Is Barack Obama trailing Hillary Rodham Clinton in Pennsylvania by double digit percentages? Or has he closed the gap to single digits, as recent polls suggest? Could he even win the April 22 primary — a shocking upset that probably would force Clinton to the sidelines? These are among the questions that have the hearts of the punditocracy atwitter in the run-up to the first Democratic presidential balloting in six weeks.

"We at CQ Politics are pondering those too. But we look ahead to next week’s vote in Pennsylvania a bit differently: How many delegates might each candidate win in Pennsylvania, which is the most populous of the states and territories that have yet to vote?
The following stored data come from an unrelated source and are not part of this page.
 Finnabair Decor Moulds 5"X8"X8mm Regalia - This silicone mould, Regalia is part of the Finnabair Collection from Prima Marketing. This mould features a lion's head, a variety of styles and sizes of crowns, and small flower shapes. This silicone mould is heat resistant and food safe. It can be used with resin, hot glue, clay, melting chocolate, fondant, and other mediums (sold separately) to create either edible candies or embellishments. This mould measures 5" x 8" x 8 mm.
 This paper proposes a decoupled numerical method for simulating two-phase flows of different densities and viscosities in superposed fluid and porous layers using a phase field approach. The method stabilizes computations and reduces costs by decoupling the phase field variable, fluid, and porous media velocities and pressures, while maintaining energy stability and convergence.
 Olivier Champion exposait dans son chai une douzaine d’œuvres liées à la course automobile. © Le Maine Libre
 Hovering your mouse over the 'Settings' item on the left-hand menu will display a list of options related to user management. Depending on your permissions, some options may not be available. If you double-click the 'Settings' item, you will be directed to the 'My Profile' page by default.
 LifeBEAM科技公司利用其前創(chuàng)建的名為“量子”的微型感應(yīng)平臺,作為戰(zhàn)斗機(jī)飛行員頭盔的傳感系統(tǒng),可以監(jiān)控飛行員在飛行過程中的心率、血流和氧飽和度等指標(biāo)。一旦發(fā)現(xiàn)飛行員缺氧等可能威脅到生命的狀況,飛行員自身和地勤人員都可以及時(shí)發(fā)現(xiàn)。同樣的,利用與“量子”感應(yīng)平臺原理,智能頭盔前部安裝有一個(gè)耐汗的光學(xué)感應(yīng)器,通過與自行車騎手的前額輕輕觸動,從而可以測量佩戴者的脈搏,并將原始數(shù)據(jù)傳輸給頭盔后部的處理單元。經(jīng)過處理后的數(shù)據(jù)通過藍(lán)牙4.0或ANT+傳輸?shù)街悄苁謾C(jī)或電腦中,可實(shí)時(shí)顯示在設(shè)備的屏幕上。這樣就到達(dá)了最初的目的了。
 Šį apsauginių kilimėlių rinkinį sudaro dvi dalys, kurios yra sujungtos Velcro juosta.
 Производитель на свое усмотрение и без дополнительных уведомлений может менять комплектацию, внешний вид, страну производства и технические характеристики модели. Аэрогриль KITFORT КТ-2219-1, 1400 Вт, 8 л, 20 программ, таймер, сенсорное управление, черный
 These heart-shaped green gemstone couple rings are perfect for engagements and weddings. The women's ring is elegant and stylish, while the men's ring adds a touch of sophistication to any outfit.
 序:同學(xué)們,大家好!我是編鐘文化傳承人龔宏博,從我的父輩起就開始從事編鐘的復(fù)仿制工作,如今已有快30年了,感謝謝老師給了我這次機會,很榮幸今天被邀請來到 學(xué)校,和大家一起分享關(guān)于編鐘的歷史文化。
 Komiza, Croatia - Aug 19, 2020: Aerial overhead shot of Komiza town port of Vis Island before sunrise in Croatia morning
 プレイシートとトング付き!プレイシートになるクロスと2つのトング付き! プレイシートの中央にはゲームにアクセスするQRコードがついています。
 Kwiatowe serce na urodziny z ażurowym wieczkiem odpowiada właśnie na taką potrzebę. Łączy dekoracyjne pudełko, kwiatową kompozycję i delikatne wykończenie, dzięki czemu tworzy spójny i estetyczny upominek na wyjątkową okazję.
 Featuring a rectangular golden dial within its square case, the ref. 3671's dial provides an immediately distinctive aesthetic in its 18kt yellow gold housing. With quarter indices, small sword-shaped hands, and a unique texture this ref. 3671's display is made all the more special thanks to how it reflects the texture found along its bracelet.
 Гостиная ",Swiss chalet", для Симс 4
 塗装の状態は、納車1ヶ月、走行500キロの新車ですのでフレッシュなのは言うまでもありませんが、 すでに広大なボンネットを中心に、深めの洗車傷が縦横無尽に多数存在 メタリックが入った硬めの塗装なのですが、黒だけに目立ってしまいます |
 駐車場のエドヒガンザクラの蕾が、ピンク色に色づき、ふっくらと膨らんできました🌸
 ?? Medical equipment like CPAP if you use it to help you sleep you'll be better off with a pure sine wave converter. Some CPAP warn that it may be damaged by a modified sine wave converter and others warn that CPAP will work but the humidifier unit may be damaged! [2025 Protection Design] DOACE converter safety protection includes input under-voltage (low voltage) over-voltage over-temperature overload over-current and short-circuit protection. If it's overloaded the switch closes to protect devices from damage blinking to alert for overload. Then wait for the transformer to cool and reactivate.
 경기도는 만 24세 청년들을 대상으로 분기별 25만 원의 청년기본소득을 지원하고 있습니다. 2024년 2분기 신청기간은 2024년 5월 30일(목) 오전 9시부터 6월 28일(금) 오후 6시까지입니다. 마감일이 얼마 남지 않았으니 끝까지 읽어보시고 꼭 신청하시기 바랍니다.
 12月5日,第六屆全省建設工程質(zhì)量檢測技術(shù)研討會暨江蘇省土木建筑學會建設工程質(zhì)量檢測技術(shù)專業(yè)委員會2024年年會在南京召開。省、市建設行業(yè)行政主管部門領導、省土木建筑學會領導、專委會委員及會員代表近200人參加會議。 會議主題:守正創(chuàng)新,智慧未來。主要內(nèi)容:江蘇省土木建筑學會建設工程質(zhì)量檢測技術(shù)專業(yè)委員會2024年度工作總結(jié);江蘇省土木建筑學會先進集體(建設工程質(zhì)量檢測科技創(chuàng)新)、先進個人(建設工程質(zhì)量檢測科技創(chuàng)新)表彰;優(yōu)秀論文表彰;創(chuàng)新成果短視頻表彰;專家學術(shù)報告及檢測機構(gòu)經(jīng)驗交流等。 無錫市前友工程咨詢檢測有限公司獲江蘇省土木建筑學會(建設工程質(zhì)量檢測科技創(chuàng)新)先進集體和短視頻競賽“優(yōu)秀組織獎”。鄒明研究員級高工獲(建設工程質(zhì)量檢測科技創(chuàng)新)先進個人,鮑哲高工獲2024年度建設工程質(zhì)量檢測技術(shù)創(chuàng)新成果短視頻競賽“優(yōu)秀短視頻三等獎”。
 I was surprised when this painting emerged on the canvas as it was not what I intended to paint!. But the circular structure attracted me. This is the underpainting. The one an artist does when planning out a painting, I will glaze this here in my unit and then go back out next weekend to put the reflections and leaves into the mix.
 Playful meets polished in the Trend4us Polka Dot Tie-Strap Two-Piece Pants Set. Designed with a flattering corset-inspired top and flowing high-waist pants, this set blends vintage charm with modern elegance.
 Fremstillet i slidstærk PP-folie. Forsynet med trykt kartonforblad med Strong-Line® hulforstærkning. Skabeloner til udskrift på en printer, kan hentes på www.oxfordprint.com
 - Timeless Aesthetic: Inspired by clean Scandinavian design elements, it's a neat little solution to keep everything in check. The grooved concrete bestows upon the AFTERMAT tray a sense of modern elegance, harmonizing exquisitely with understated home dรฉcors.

"That answer will be mainly determined not by the sum of the votes Clinton and Obama win in Pennsylvania, but rather by the state’s parts. Pennsylvania will send 187 Democratic delegates to the party’s national convention in Denver this August, and most of them — 103 to be exact — will be allocated according to the votes the candidates receive in each of the state’s 19 congressional districts.

"And a CQ Politics analysis of the political circumstances in Pennsylvania’s congressional districts, detailed below, projects an edge to Clinton — but by just 53 district-level delegates to 50 for Obama under the Democratic Party’s proportional distribution rules.

"These numbers suggest that Clinton, even with a victory in Pennsylvania, would make only a small incremental gain against Obama’s overall lead in the delegate race.

"Of the state’s remaining 84 slots, only 55 pledged delegates will be distributed based on the statewide popular vote, with the state’s remaining 29 seats going to unpledged “superdelegates.”